(Meta)Evaluation:

Coworking, Practice Groups, Project Consulting & Coaching

This work is for practicing evaluators who share a desire to transform evaluation towards practices that disrupt rather than maintain the status quo. Metaevaluation is the practice of evaluating an evaluation. In our 2024 Core Concepts in Evaluation chapter, Dr. Tiffany Tovey and I laid out the case for writing a new story about what metaevaluation can be. The old story, largely defined by the white, male standard bearers of the field, calls for an overly technocratic, impractical, retrospective process that serves the needs of funders and largely inspires anxiety and apathy towards the entire practice. It’s an outdated view on what should be a lively, ongoing reflective practice.

In that chapter, we issued a call to action - “Evaluators themselves must take up the charge and practice metaevaluation with intention.” We envisioned a new story for metaevaluation, one that encompasses many practices and is met with humility and compassion. An ongoing and iterative practice that individuals and teams can engage in through principled reflection. 

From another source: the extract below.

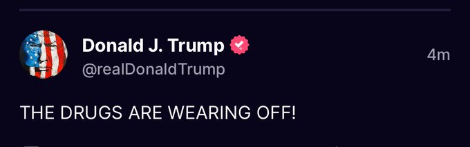 @realDonaldTrump - "THE DRUGS ARE WEARING OFF!"

“Our aim is for the new story of metaevaluation to start to interrogate this systemic and historical past through the lens of continuous improvement, wiser practice, and contribution to a more just society. In a sense, we aim to liberate metaevaluation and break it free from these socialized structures (Harro, 2000).” 

~ Tovey & Smith, 2024

A New Story for (Meta)Evaluation

Read the paper and hear our Call to Action!

In early 2022, a team of editors put out a call for proposals for a book to be entitled Core Concepts in Evaluation. Each chapter was intended to be a modern commentary on “classic” writings in evaluation. We were drawn to respond to Stufflebeam’s original manuscript on Metaevaluation for a section called “Evaluation is a reflexive practice: evaluation can and should be evaluated.” Over the course of the next year, Tiffany and I met regularly to discuss and write this piece on metaevaluation as a reflective practice. A similar version was published by Sage in 2024.

We share this version here because we believe academic literature should be free and accessible. We believe the field of evaluation is in critical need of a revolution. This might feel like an uncomfortable truth, but -- evaluation is political. The current political paradigm in the US would have us believe that politics can only be described in binary terms (left/right). Instead, we offer a politic grounded in love and collective liberation. A politic that seeks to restore and repair connection to ourselves, to each other, to community, to nature. A politic that restores dignity and belonging. A politic that is grounded in our interdependence. A politic that includes everyone and leaves nobody out. Instead of the current divisive and harmful binary, we invite a paradigm shift into a cycle of liberation (Harro, 2000).